Russell invited Victoria to the Flemington races and call the 1997 Grand National into a tape recorder for practice.

Russell organised for Victoria to use an empty broadcasting box next to his.

“I was completely naïve” she recalled. “I set up my binoculars and tape recorder and away I went.”

Victoria called her first race on course on New Year's Day in 1998 at Hanging Rock.

She recalled “You really need to do a couple of years practicing before you take the challenge at race meetings.”

Victoria later met Pamela Knox O'Connor who called at Hanging Rock in 1948 - 50 years to the day earlier.

She was asked to take over from the course broadcaster who had become ‘tired and emotional'.


“I'm making extra money doing high school sock hops/ I'm the big-time guest MC/ you should hear me talking to the little children/ and listen to what they say to me/ sometimes I get this crazy dream that I just take off in my car/ but you can travel on 10, 000 miles/ and still stay where you are.” - WOLD - Harry Chapin.

Bob Taylor & Gary Turner

Victoria joined many of Bob's trainees at Nu Country FM where she fronted shows alongside radio veterans Sandy Roberts, Craig Willis, Peter Hosking, Bobby Bright, Gary Young, Rusty Bertha of Scared Weird Little Guys fame, Rod Stone, Doug Cummins, David Heard and Denise Hylands.

My experiences with Bob began about the same time at 3UZ where he recruited me as a regular guest on evening shows.

Bob also did voiceovers, commercials and station IDS for Nu Country at Beer Can Hill (aka Ruckers Hill) - up the road from where he lived with his mum in the Beer Can Hill delta.

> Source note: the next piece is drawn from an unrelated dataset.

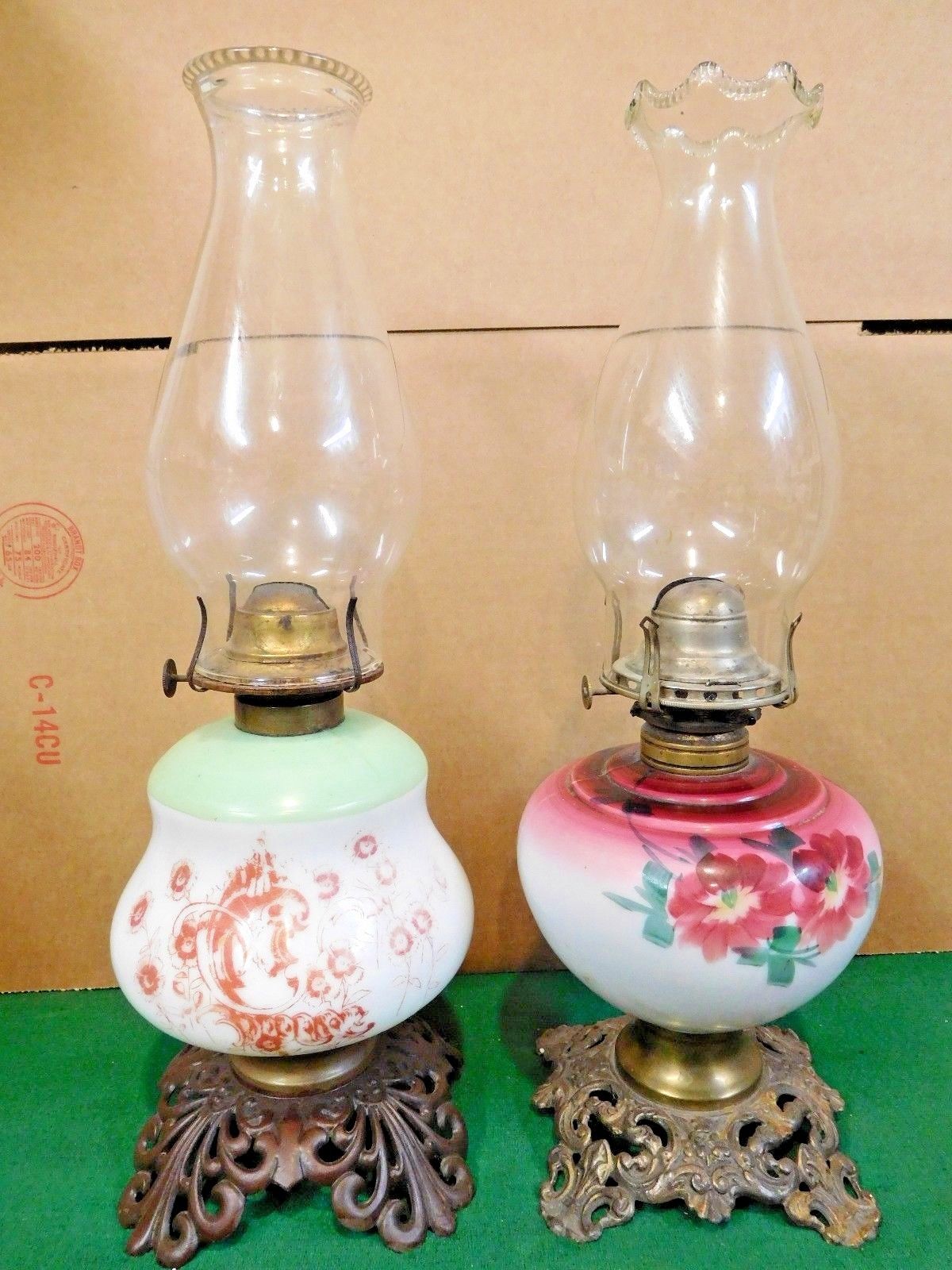 Title (ebay affiliate link): (2) 1890''s VICTORIAN PARLOR GWTW OIL LAMP BASES - w/Pie-Crust Chimneys
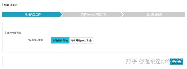 (1)选择网络类型,“公网”或者“专有网络”,然后点击“下一步”,如下图所示。

My radio birth was at 10 on 3YB in Warrnambool where I guested on Red Cross Calling with my aunt Thelma - local Red Cross head honcho.

I graduated to guest roles on 7BU - Burnie - as a Launceston Examiner cadet journalist with Bob's peers including latter day Minister For Police, Jim Cox and my other radio flat mates Rod Stone and Greg Smith.

And later, while on the now defunct Sydney Daily Mirror from 1980-85, I was a regular guest on Malcolm T Elliott's 2UE radio show and Donnie Sutherland's TV shows.

On my return to Melbourne in the eighties I co-hosted country music flag bearer High In The Saddle on 3RRR-FM for 10 years, four months, and later presented the show of the same name on 3PBS-FM for two years.

That enabled me to learn valuable lessons from Bob - never drop your voice at the end of sentences and don't come out of an ad break with a ballad.

I must have passed as I was a regular guest on his Stereo 974 FM shows for many years.

John Paige & Bob Taylor

But because of COVID-19 there will be no public farewell for our much loved radio mentor.

The funeral will be held online on July 28 from 12.25pm to 1.35pm at Fawkner Cemetery Crick Chapel.

His ashes will be deposited in his mother's grave at Fawkner Cemetery where we bid adios to her in 1998.